La Regione finanzia nuove attività di ricerca applicata nelle università venete e nel CNR. Coinvolti 91 ricercatori su intelligenza artificiale, robotica, nuovi materiali, agrifood, turismo e decarbonizzazione. Ma il vero risultato si misurerà in brevetti utilizzati, progetti pilota, spin-off e contratti industriali.

Quasi 4 milioni di euro per trasformare ricerca, competenze scientifiche e prototipi in soluzioni utilizzabili dalle imprese e dai territori.
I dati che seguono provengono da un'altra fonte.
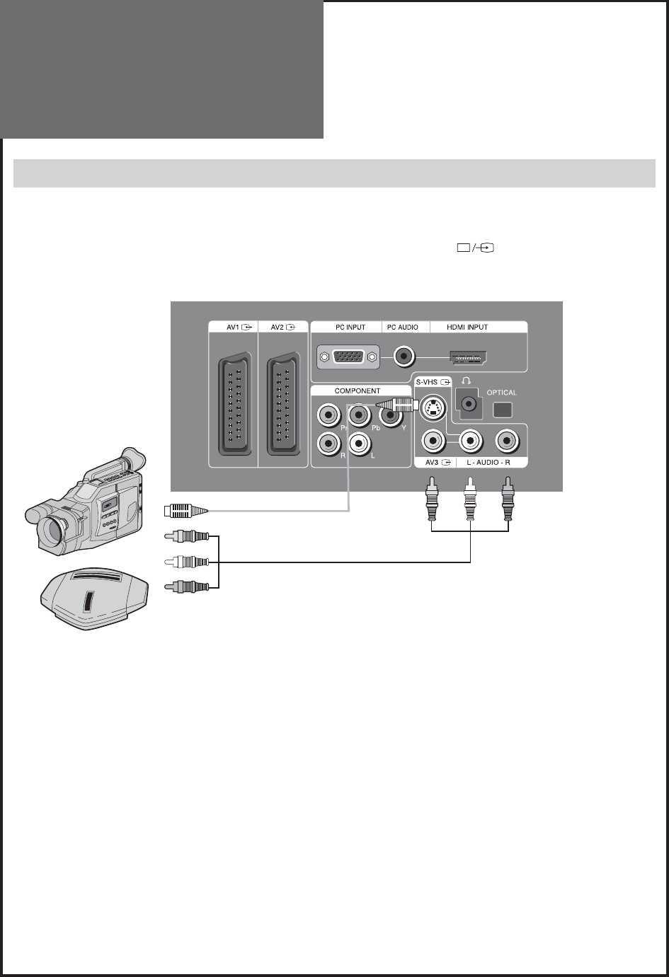 4. Select AV3 or S-video mode, using the ”AV button of the Remote controller or button of the TV set.

È l’obiettivo dell’intervento con cui la Regione del Veneto finanzierà 19 progetti nati nell’ambito di iNEST, l’ecosistema dell’innovazione sostenuto dal PNRR che coinvolge università ed enti di ricerca del Nordest.

Il programma mette a disposizione complessivamente 3.973.651,37 euro e coinvolgerà 91 persone, attraverso 30 incarichi post-doc, 57 incarichi di ricerca e quattro contratti di ricerca.

I numeri sono rilevanti. Ma la notizia non è soltanto che il Veneto investirà nuove risorse nella ricerca.

La vera questione è capire quanta parte di questi progetti riuscirà a superare i confini dell’università per entrare nei processi produttivi, generare brevetti, nuove imprese, licenze, collaborazioni industriali e occupazione qualificata.

Dalla ricerca applicata al mercato

I progetti finanziati riguardano tecnologie con possibili applicazioni dirette nei settori produttivi regionali.

Si va dalla collaborazione tra lavoratori e robot collaborativi all’intelligenza artificiale interpretabile, dai digital twin per l’agricoltura alla cybersecurity, fino alla robotica, ai nuovi materiali ricavati dagli scarti industriali e alla decarbonizzazione delle costruzioni.

Non si tratta quindi di attività esclusivamente teoriche.

Molti dei progetti puntano a portare tecnologie e prototipi verso livelli di maturità più vicini all’utilizzo concreto.

È proprio questo passaggio a rappresentare la parte più difficile.

Finanziare una ricerca significa creare conoscenza.

Trasformarla in innovazione richiede però anche imprese disposte a sperimentare, investitori, competenze manageriali, processi di trasferimento tecnologico e modelli chiari di sfruttamento dei risultati.

Un progetto può infatti diventare una licenza industriale, un brevetto utilizzato da un’azienda, uno spin-off universitario, un progetto pilota o una collaborazione pluriennale con il sistema produttivo.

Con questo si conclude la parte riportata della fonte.